Understanding Ceph Architecture: RADOS, OSD, Monitor, and Data Mapping
The article provides a comprehensive overview of Ceph’s distributed storage architecture, explaining the roles of RADOS, OSD, Monitor, and Metadata Cluster, and detailing the three-step data mapping process from file to object, to placement group, and finally to OSD storage.
Ceph started in 2004 as a unified distributed storage system designed for excellent performance, reliability, and scalability.
When using the RADOS system, a client program obtains the ClusterMap by interacting with OSDs or Monitors, computes the object’s storage location locally, and then communicates directly with the appropriate OSD to perform data operations, eliminating the need for a separate metadata server during normal access.
The ClusterMap is updated only when the system state changes, which typically occurs in two cases: an OSD failure or an expansion of the RADOS cluster.

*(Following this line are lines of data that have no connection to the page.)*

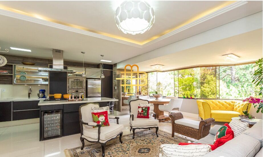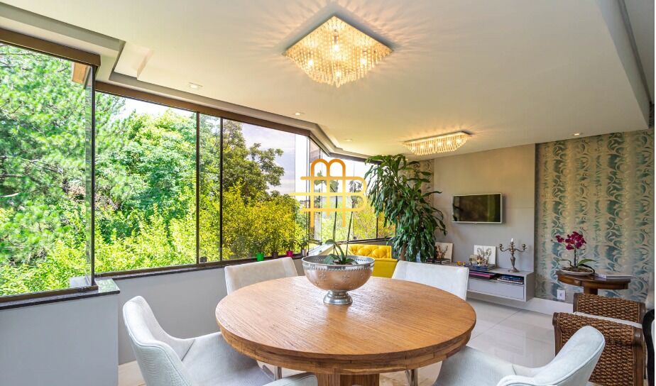 Na parte superior da cobertura, há um amplo espaço gourmet, ideal para receber, equipado com lareira e churrasqueira. Este pavimento possui acesso independente, com entrada exclusiva diretamente para o segundo andar da cobertura, trazendo praticidade e versatilidade de uso. A área externa complementa o ambiente com uma vista encantadora para as copas das árvores, criando um espaço único e acolhedor.
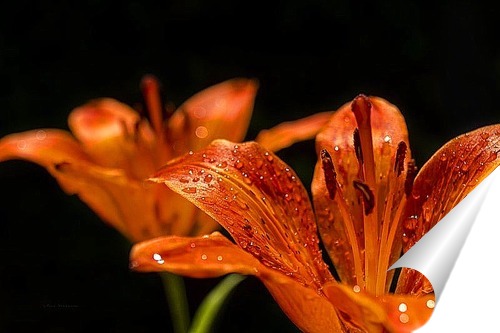 Описание плаката В тёплый июньский вечер прошёл дождь. Краски природы отряхнулись от пыли и стали насыщенными. Цветок лилии бережно сохранил капли дождя на своих лепестках.
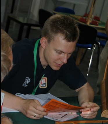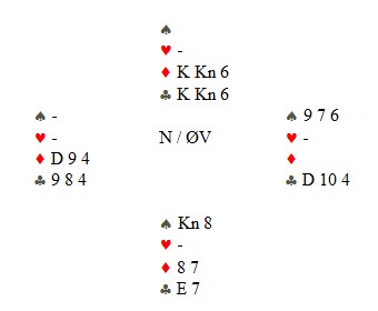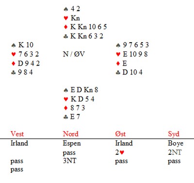 "Hei Boye. Er du midt i bæsjebyttinga på den lille eller har du noen minutter til meg?" Boye har et utrolig engasjement for bridge og han er mer enn noen annen opptatt av spillets finesser. Resultatet i ett og ett spill bryr han seg ofte ikke så mye om, men hvis det var en god prestasjon av makker eller han selv, blir han glad. Like glad som han blir lei seg når det spilles under pari. Derfor elsker han å snakke om spill, så jeg fikk grønt lys for å peise på. "Neida, jeg har akkurat hatt mitt skift som bleieskiftsarbeider. Jeg så du sendte en mail til meg om jeg kunne finne et interessant spill, så det skal du få om litt. Det er i kjent stil et spill der jeg ikke synes jeg gjorde det spesielt bra og jeg overså et fint spillepoeng. En dobbelssidig skvis forekommer ikke så ofte, men denne burde jeg sett" Før jeg får spillet spør jeg om han har noen tanker fra EM å dele med oss. Som de andre jeg har snakka med, er det positivitet over hele linja. Ledelsen gjorde jobben sin, spillerne samarbeidet bra, forholdene omkring var ok og stemningen var fin hele tiden. "Vi hadde en katastrofedag og selvsagt hang vi med nebbet den kvelden. Det holder ikke med 7 VP når 60 er maks og 30 middels på en dag." Jeg spør om han ser noen nærliggende årsak til kollapsen, men Boye mener det er ganske tilfeldig av kampene med store tap kom etter hverandre. "Du har skrevet om at vi nok hadde glid i starten av turneringa og vi var heldige i mange store spill. I det lange løp jevner dette seg ut og vi fikk totalt sett betalt omtent som forventet, spør du meg. Mot slutten sto ikke de slemmene som sto i innledende, selv om minst et par av dem i utgangspunktet var langt bedre kontrakter. Boye sier at han synes det er verre å spille mot Øst-Europeere enn andre. "Vi kjenner ikke stilen deres, de har litt andre systemer og kastene er heller ikke sånn som vi er vant med. Verken Bugaria, Romania eller Russland er særlig bedre enn oss over tid, mener jeg. Likevel sleit vi mot alle disse tre lagene. Kanskje ikke helt tilfeldig? "Jeg vil spesielt trekke fram Nils og Terje sin innsats i innledende. De gjorde nesten ikke feil de første dagene og spilte som de ikke skulle ha gjort annet enn å slå de beste europeerne. En strålende debut. Mot slutten gikk det ikke like lett, men totalt en sterk turnering fra dem. Vil du ha spillet mitt, eller?"
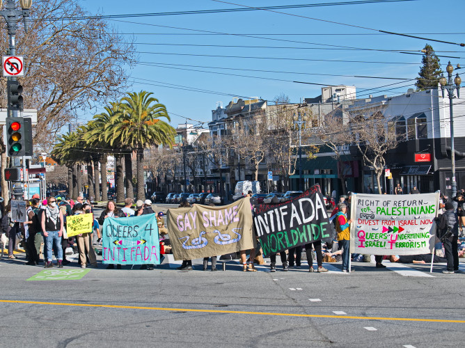 (San Francisco, Jan. 5) The rally for Palestine and BDS began at the intersection of Market and Castro Streets. After some speeches and slogans the crowd crossed the street to the Chevron Station. Chevron Oil maintains an oil platform off the Gaza cost and supplies oil to Israel's military as it perpetrates the Gaza genocide.Shouting their battle slogan "We're Here!,We're Queer!" they formed a picket line.
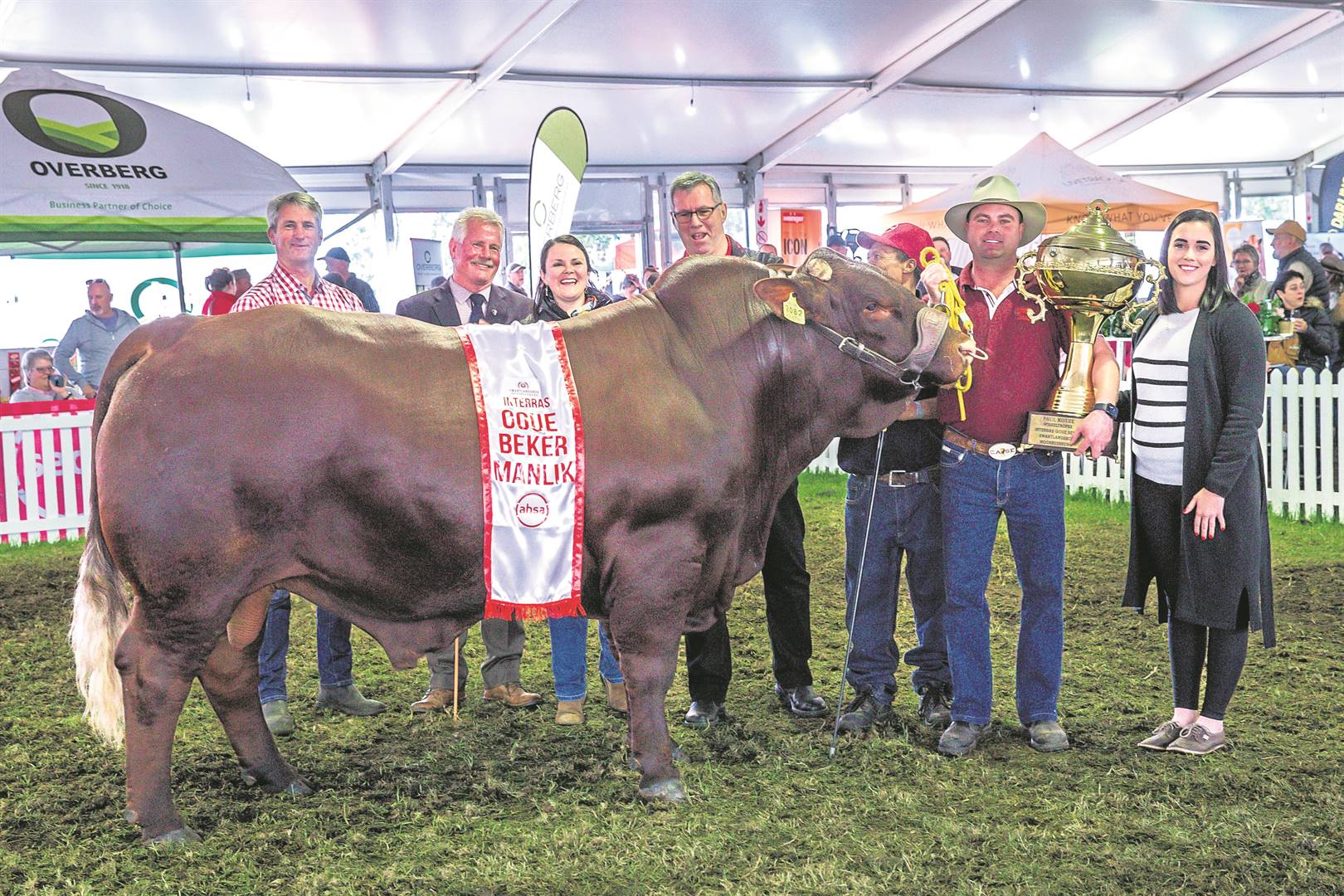 Die opperste kampioen (manlik): Franco Koch se Santa Gertrudis-bul, Kochbo Coleman (KT2082) van die Kockbo Santas-stoetery (Moorreesburg) stap vanjaar weg met die Paul Kotze-wisseltrofee-interras goue beker onder die manlike vleisbeesras.Foto’s: Carla Nieuwoudt van MarketReach

These events are far less frequent than client data accesses.
OSDs rely on the underlying filesystem’s extended attributes (Xattrs) to record object state and metadata. ext4 provides only 4 KB, XFS up to 64 KB, while Btrfs has no limit but is considered less stable; production deployments usually prefer XFS, with Btrfs used for testing.
Client: Deployed on Linux servers, it slices data, uses the CRUSH algorithm to locate objects, and performs read/write operations.
OSD: Stores data, handles replication, recovery, back‑filling, and reports status to the Monitor. A minimum of two OSDs is required per cluster, each typically backed by a physical disk using Btrfs, XFS, or ext4.
Monitor: Monitors OSD health, maintains OSD, Placement Group (PG), and CRUSH mappings.
Metadata Cluster: Manages file metadata and is required only for CephFS.
The logical architecture of Ceph is crucial for understanding data layout:
A Cluster can be divided into multiple Pools .
Each Pool contains several logical Placement Groups (PGs) and defines the replica count.
A physical file is split into multiple Objects .
Each Object maps to a PG; a PG can contain many Objects.
A PG maps to a set of OSDs, with the first OSD acting as the Primary and the others as Secondaries.
Many PGs can map to the same OSD, and an OSD can host hundreds of PGs.
The PG concept decouples OSDs from individual Objects, enabling dynamic remapping when OSDs are added or fail.
The data addressing process consists of three mapping stages:
1. File → Object Mapping The file is split into fixed‑size Objects (typically 2 MB or 4 MB) to allow parallel processing and efficient management by RADOS.
2. Object → PG Mapping Each Object is hashed to obtain a PG ID using the formula Hash(OID) & Mask → PGID .
3. PG → OSD Mapping The PG ID is fed into the CRUSH algorithm, which selects a set of N OSDs responsible for storing and maintaining the PG’s Objects.
In practice, an OSD typically participates in hundreds of PGs, each replicated on multiple OSDs, resulting in thousands of intra‑OSD status exchanges. Without PGs, an OSD would need to exchange information for millions of Objects, which would be prohibitively costly.